■ INFORMATION GIVEN ■
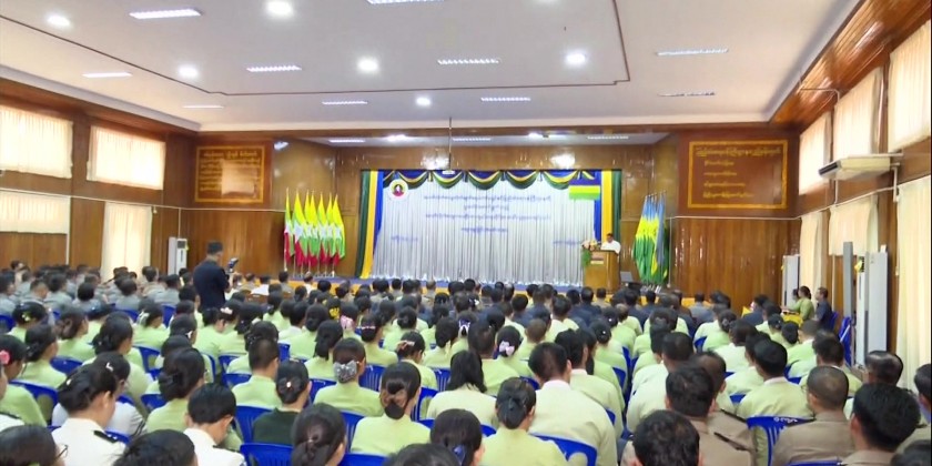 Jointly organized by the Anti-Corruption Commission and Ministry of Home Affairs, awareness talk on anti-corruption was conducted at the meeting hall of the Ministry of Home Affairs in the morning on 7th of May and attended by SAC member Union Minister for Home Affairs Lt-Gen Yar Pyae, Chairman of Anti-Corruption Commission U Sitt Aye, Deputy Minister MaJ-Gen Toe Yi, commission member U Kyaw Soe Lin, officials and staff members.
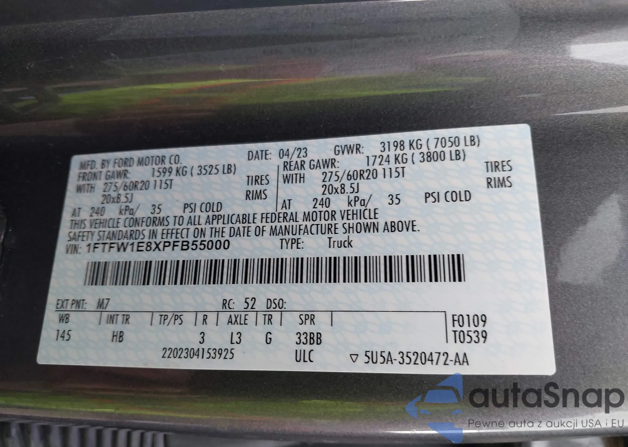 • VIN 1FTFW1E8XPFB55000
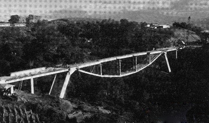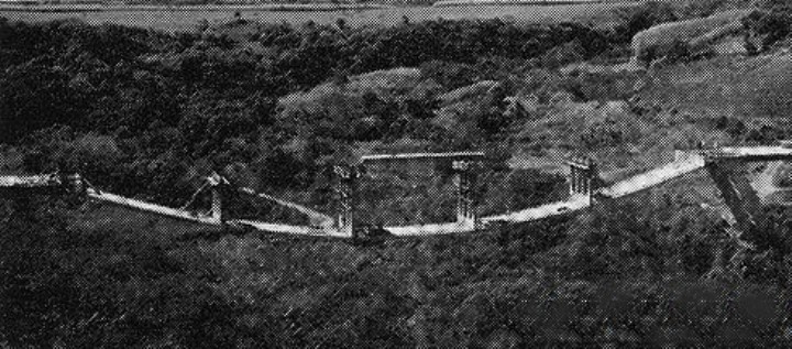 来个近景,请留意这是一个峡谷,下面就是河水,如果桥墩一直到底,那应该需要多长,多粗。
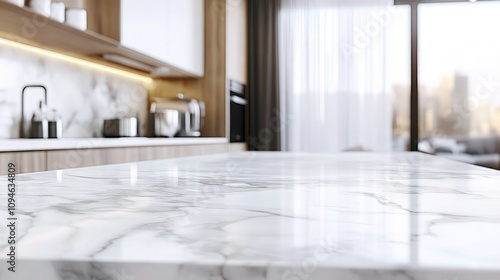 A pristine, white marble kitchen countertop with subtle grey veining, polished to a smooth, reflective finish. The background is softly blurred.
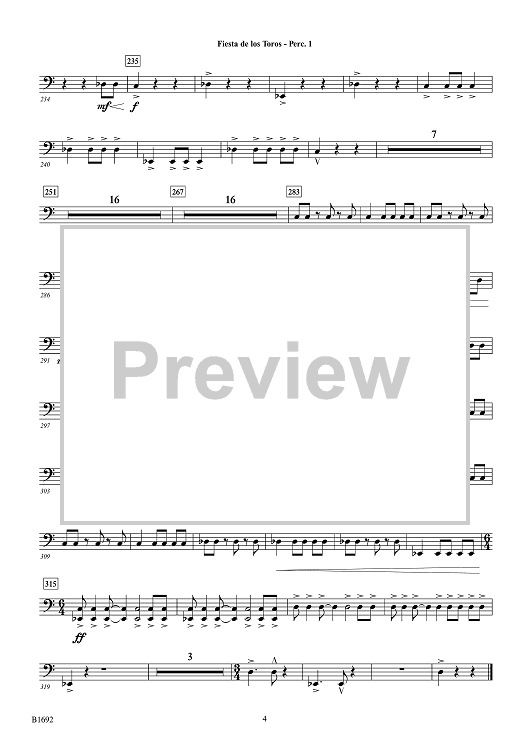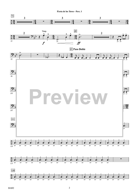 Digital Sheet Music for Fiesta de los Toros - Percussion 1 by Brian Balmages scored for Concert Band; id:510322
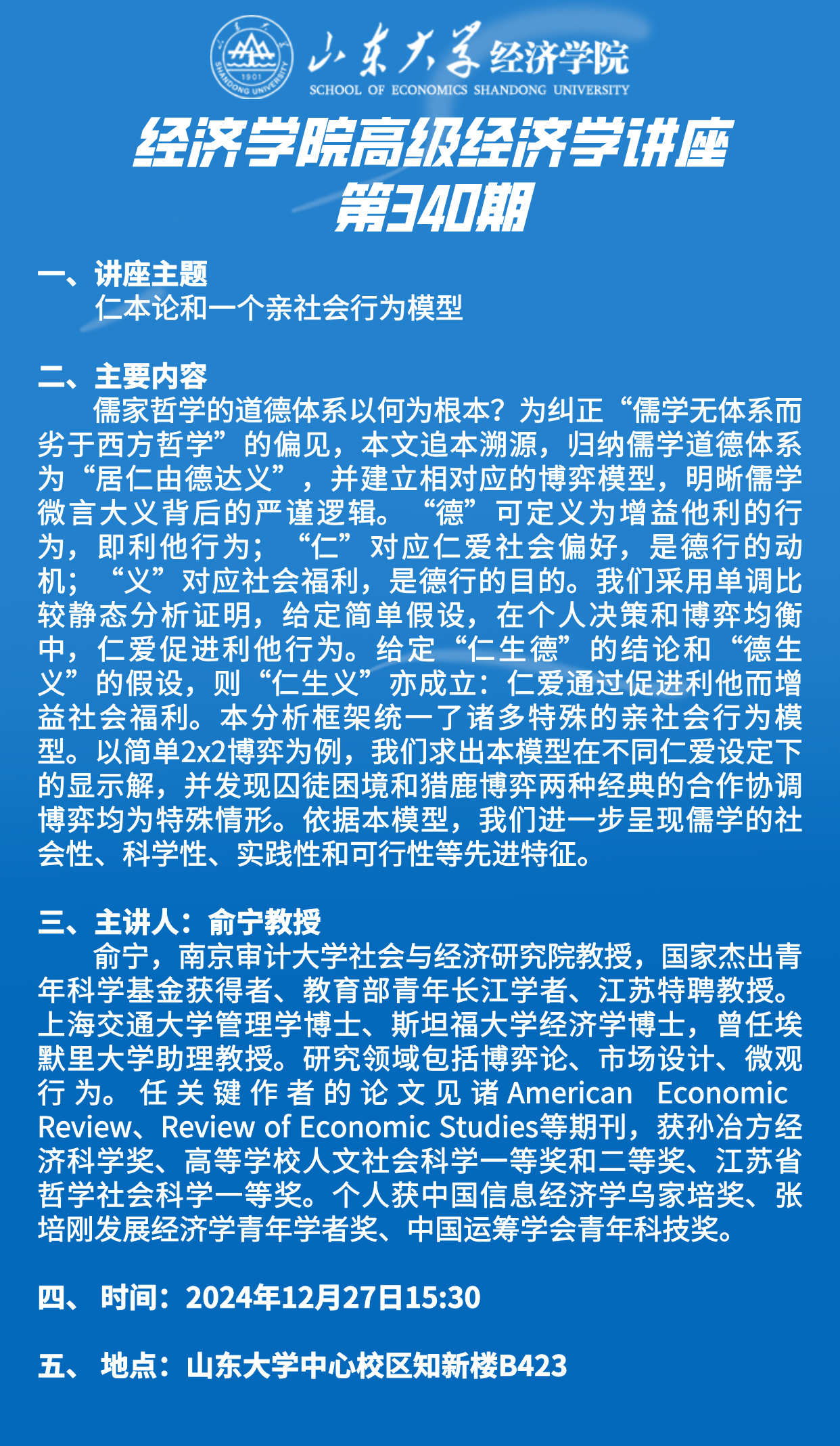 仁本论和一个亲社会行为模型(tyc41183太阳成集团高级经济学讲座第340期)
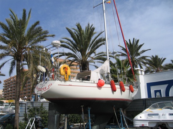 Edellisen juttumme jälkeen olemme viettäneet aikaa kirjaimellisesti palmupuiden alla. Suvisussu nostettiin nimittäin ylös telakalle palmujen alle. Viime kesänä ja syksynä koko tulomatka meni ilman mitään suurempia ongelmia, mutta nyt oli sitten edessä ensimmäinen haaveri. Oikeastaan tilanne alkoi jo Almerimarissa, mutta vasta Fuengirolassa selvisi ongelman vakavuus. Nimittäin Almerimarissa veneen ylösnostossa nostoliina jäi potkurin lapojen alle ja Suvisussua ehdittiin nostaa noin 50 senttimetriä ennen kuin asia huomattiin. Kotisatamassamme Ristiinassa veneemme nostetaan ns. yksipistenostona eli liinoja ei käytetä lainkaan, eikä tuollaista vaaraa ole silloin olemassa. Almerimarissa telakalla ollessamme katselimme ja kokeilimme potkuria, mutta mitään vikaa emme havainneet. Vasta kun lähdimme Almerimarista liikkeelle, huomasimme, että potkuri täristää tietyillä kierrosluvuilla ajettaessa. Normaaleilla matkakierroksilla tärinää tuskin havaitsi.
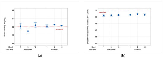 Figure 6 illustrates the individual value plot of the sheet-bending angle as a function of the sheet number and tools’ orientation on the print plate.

==

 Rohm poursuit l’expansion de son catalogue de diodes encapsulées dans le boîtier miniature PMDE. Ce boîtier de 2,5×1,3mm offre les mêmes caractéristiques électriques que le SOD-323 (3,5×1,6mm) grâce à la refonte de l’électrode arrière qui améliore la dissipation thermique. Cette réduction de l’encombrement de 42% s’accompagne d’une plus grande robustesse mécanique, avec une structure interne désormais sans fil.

--

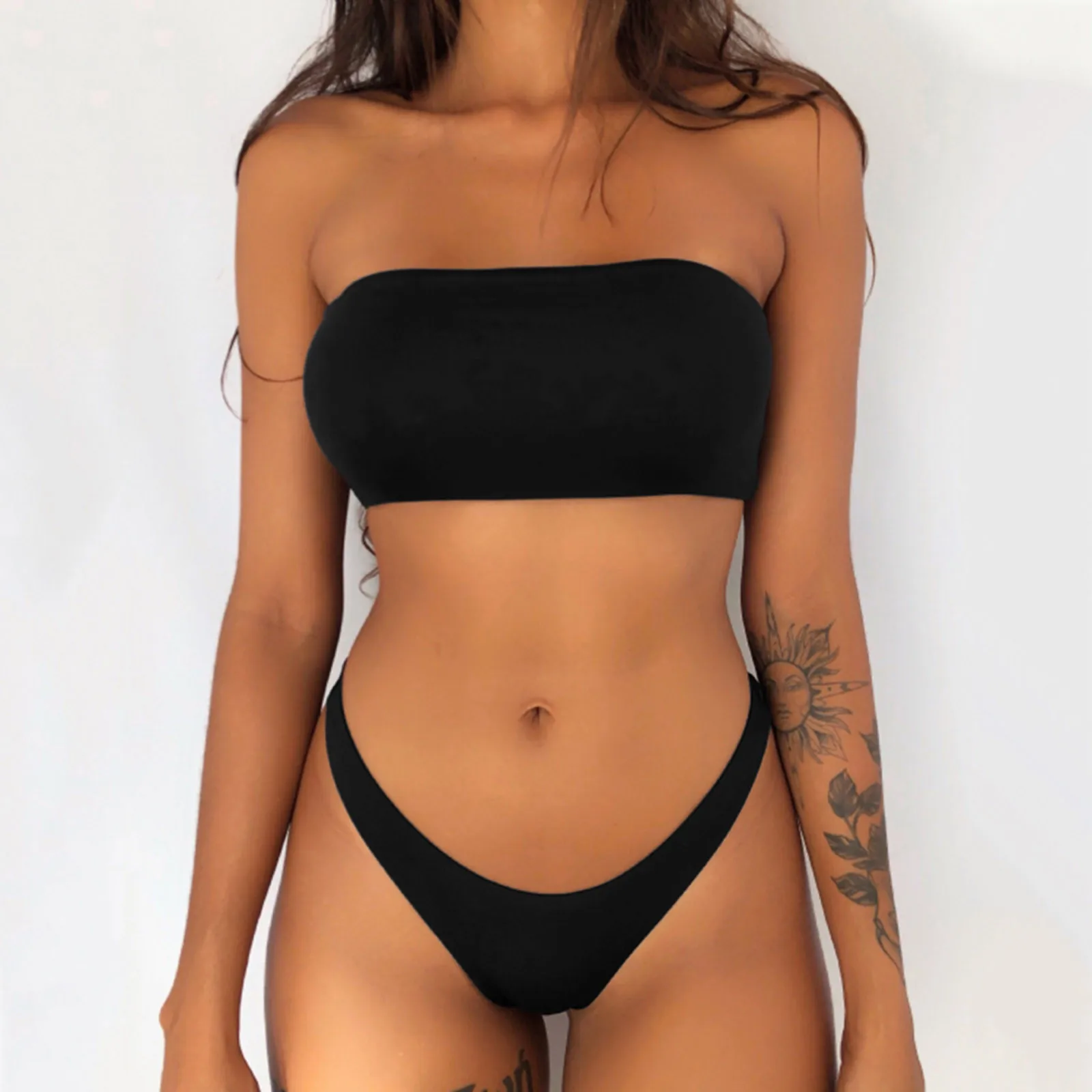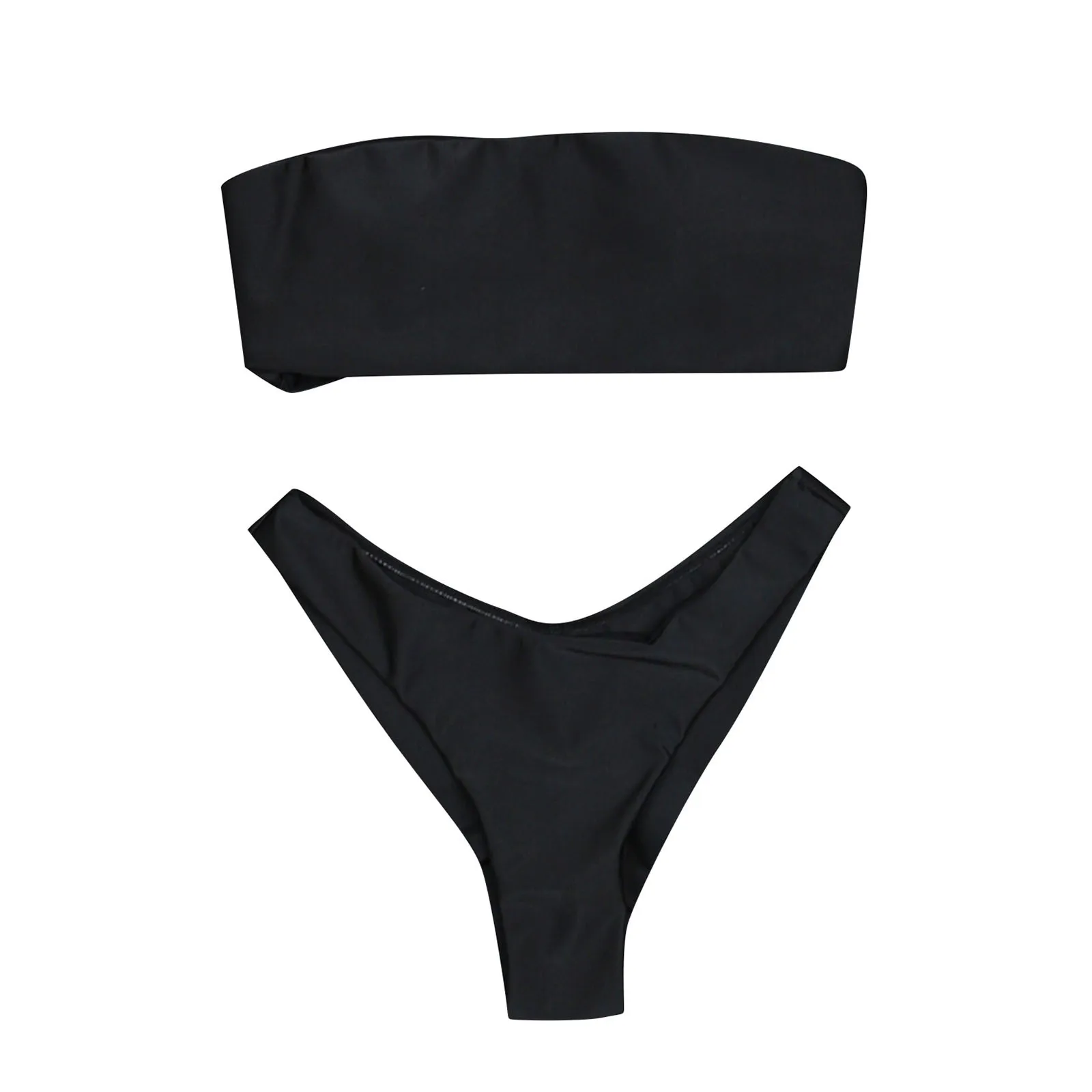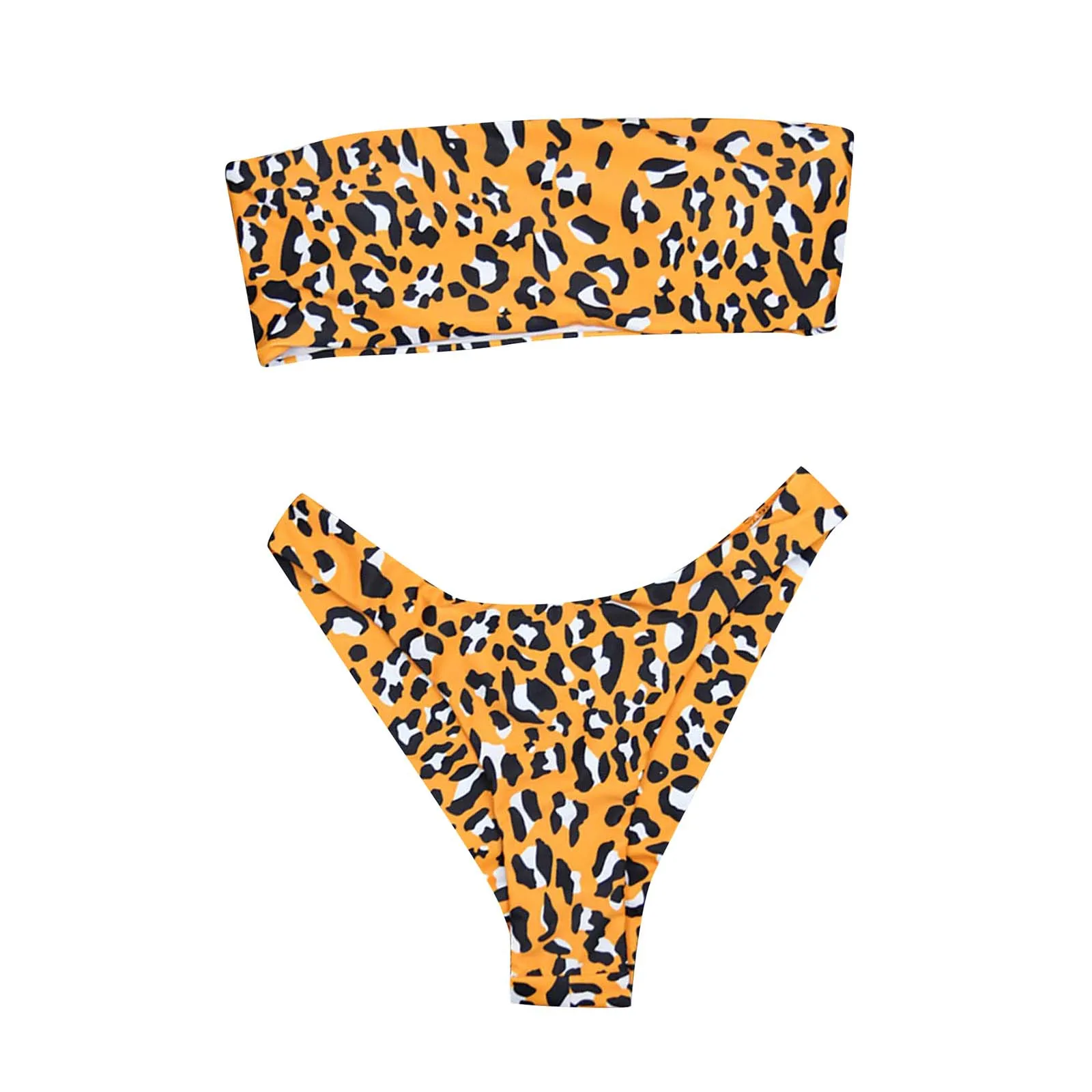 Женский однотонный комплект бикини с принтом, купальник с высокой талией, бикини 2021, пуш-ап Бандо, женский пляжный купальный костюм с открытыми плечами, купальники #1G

■ PROBLEM STATEMENT ■
Within the listing above, the lines starting at the one containing "Digital Sheet Music" and ending at the one containing "仁本论和一个亲社会行为模型(tyc411" are to be returned exactly. Omit the pictures.

■ ANSWER SECTION ■
 Digital Sheet Music for Fiesta de los Toros - Percussion 1 by Brian Balmages scored for Concert Band; id:510322
 仁本论和一个亲社会行为模型(tyc41183太阳成集团高级经济学讲座第340期)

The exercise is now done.